Третьим призраком был Аввакум Захов. Выскользнув рано утром из своей квартиры на втором этаже, он бесшумно спускался по лестнице. высокий, в черной широкополой шляпе, в просторном легком черном пальто, худой и мрачный, с горящим, сверкающим взглядом, он походил в это время на загадочного посетителя больного Моцарта, которого он побудил написать себе ..Реквием». Выйдя из дому, Аввакум медленным широким шагом направлялся в сосновую рощу. Заложив за спину длинные руки, слегка сгорбившись, но держа голову прямо, он обходил все просеки. Он нисколько не был похож на человека, который пришел сюда, чтобы в полном уединении любоваться природой, чтобы дать отдохнуть глазам и мозгу, – он ничего не замечал, ни на то не обращал внимания. Не был он похож и на прежнего Аввакума, способного решать в уме сложные математические задачи, в любых условиях строить самые невероятные на первый взгляд гипотезы, потому что не было заметно, что он над чем-то глубоко задумывается. Он скорее напоминал собой рабочего человека, которого оторвали от верстака и вытолкали из мастерской, чтоб он отдохнул, подышал свежим воздухом, хотя в сущности он нисколько не испытывал усталости и лучшего воздуха, чем воздух мастерской, для него не существовало. Человек этот просто не знал, чем утолить привычный, неизбывный голод своих рук, он мучился, слонялся как неприкаянный. Подобное же происходило и с Аввакумом, но только для него это было куда более мучительно, потому что не руки остались без привычного дела, а его деятельный, активный ум.
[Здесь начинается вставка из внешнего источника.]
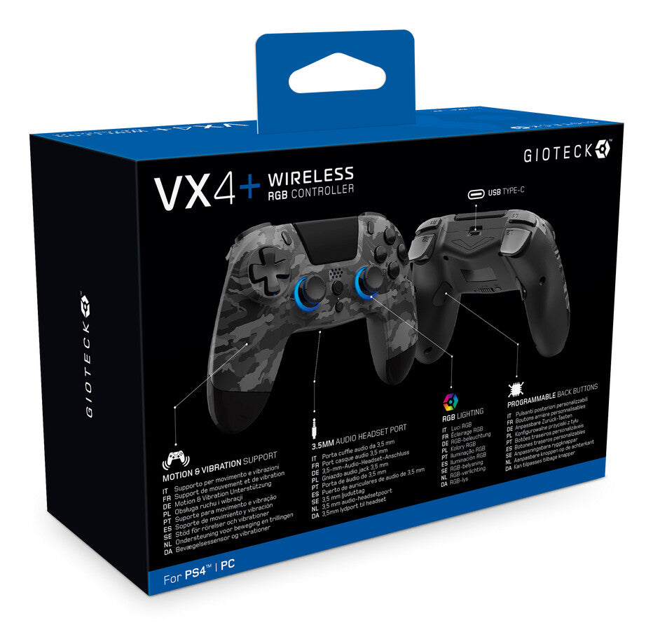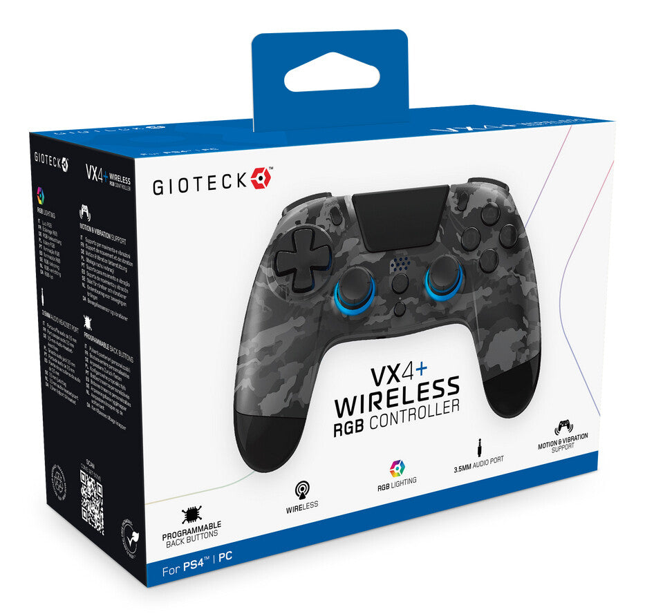 Upgrade to the latest version of our best-seller, the VX4+ Wireless RGB Controller for PS4 from Gioteck, now features customisable RGB lighting, enhancing your gaming experience. Quick-fire triggers, and a precise directional pad bring together lightning-fast performance.

Мучительность его нынешнего состояния усиливалась еще и одиночеством. Странный и трудно объяснимый парадокс – общительный по природе, Аввакум вел совершенно отшельнический образ жизни. У него была тьма знакомых, особенно среди художников и музейных работников, – они все как один признавали, что он человек высокой культуры. все отмечали ею эрудицию, говорили, какой он интересный и приятный человек. Он был желанным гостем в любой компании, его все зазывали к себе, рады были сидеть с ним рядом за столом, зная, какой он остроумный собеседник, и время в его обществе летело незаметно. Аввакум умел развлечь общество всевозможными фокусами – с картами, со спичками, монетами, великолепно рассказывал анекдоты, был просто неутомим. Одинаково легко и живо он мог вести разговор об импрессионистах – он их обожал – и о значении гравитационного поля для теории относительности. Словом, в компании образованных, культурных людей он был тем, кого французы называют animateur – душой общества.
И несмотря на все это, у него не было друзей. Имея множество знакомых, он был очень одинок. Причин этою странного, я бы сказал, парадоксального, явления было много, они сплетались в сложный, труднообъяснимый комплекс. И все же некоторые из них стоило бы разобрать в тех пределах, в каких они вообще поддаются объяснению.
Будучи любезным и внимательным собеседником, Аввакум ни при каких обстоятельствах не допускал, чтобы его кто бы то ни было «прижал к стенке». Гибкий ум и большие знания позволяли ему выходить победителем в любом споре. Разумеется, при этом он никогда не был позером – мелочность и тщеславие были абсолютно чужды его природе, И если он вступал в спор, то лишь ради того, чтоб найти «верное решение», именно это и было его страстью. А ведь известно, что очень много людей мучительно переживают ощущение превосходства другого над собой; им просто неприятно сознавать это. Обычно к такому человеку относятся с должным уважением, слушают его, награждают аплодисментами, но недолюбливают.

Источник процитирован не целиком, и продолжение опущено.